Par one decision of November 10, 2022, the Constitutional Council ruled on the conformity with the Constitution of the provisions of the public health code relating to “advance directives”. These, which every citizen can write, are binding on the doctor for any care decision except, in particular, when they appear “manifestly inappropriate or not consistent with the medical situation ».
In a painful case, the high court is seized of a priority question of constitutionality (QPC) by the Council of State. On May 18, 2022, Mr. D was the victim of a terrible accident, run over by a vehicle. He presents an extreme medical picture with in particular an absence of cerebral activity.
The continuation of invasive therapies constitutes an unreasonable obstinacy for the medical team. The person concerned had written a letter for his attending physician on June 5, 2020, indicating the wish, in the event that he would no longer be able to express himself, to be kept alive, even artificially, in the event of a coma. prolonged considered irreversible.
Hope for therapeutic progress
Given the negative outlook for the evolution of the situation, a decision to stop treatment was taken on July 15, 2022 following a collegial procedure, dismissing the advance directives as manifestly inappropriate or not in accordance with the medical situation.
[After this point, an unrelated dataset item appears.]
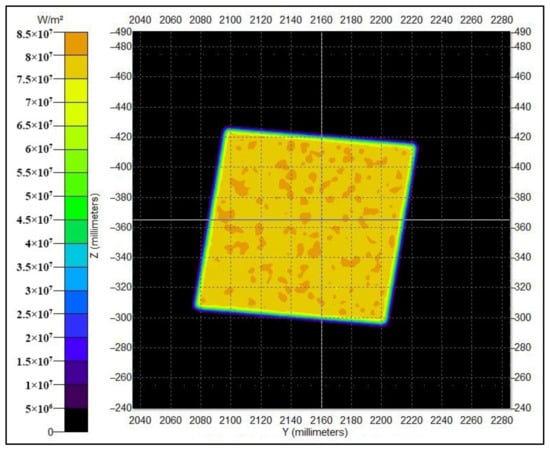 Illuminance map of the target plane, according to the freeform reflector design process.
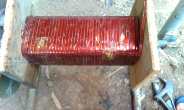 Winding using the lath was my first thought, Have 2 Lathes here and they are out in the yard, to hot and sunny ATM they should be in the shed but the 2 large sheds are full of other junk and no room to work, still do all the work in the yard as we haven't assembled the 42m x 12m shed that will sit between the other 2 sheds.

Relatives challenge it and initiate proceedings. On August 19, 2022, the Council of State refers the question to the Constitutional Council, in order to say whether or not the legislative provisions concerned are in conformity with the Constitution.
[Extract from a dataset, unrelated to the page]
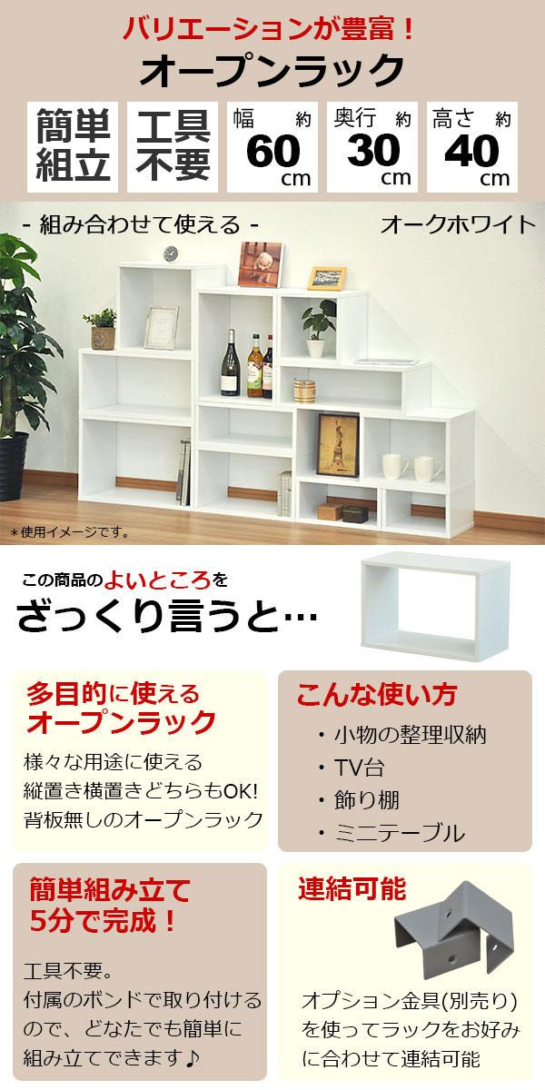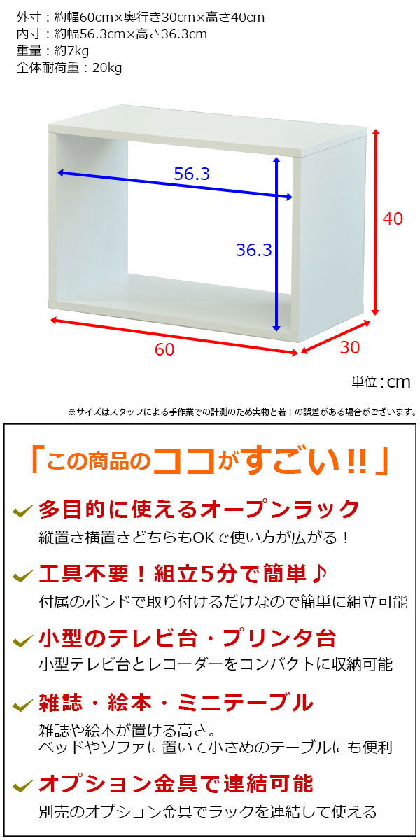 オープンラック 1段 60×40 奥行30cm A4対応 収納 棚 ホワイト 白 おしゃれ 組み合わせ自由 幅60cm 高さ40cm 頑丈 耐荷重20kg 積み重ね 収納 ラック ディスプレイラック 卓上ラック 飾り棚 本棚 コミック 漫画 雑誌 アクスタ 机上ラック モニター台 木製 1個単品

The second French law on the end of life, known as Claeys-Leonetti law of February 2, 2016, reinforced the weight of advance directives, emphasizing the will of the person. The doctor must respect them.
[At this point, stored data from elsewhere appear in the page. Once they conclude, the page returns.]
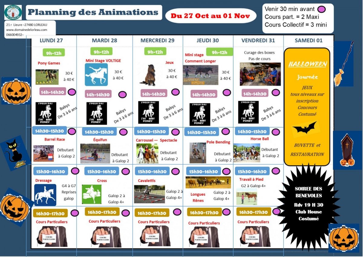 Au programme : pratiques équestres, promenades, mini-stage voltige pour débutants , travail à pied, saut d'obstacle, dressage, jeux... (programme ci-dessus).
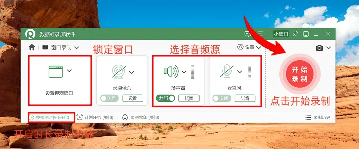 使用数据蛙录屏软件的操作流程如下:
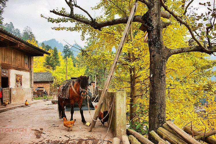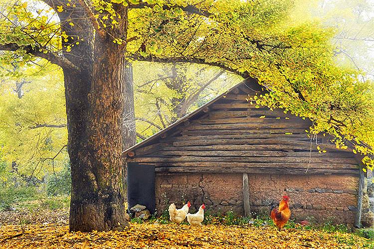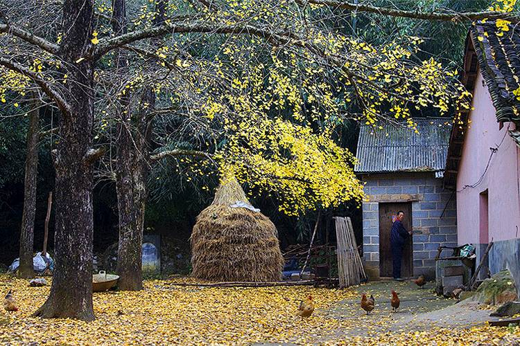 走进村子,站在银杏叶铺满的地坪上,门前的田里时不时会走出来肤色靓丽的鸭群,还有屋后不远处的山头,厚厚的一层银杏叶下,会钻出来几只气宇轩昂的大公鸡。

But two hypotheses make it possible to transgress them: vital urgency on the one hand; the acknowledgment of the manifestly inappropriate or non-compliant nature of the directives with the medical situation on the other hand.
This 2016 law obviously focused on the assumption that the person, wishing for a dignified and painless outcome, expresses their desire to end their life. The reverse happens here. The patient wishes to live. He writes it, probably hoping for therapeutic progress. But his medical situation is such that no improvement can be expected.
Unreasonable stubbornness
What should be done ? To keep him alive at all costs, in a vegetative state, by conforming to his will? Or retain the character ” inappropriate “ advance directives, and consider that the wish for life must be transgressed because it does not conform to medical reality?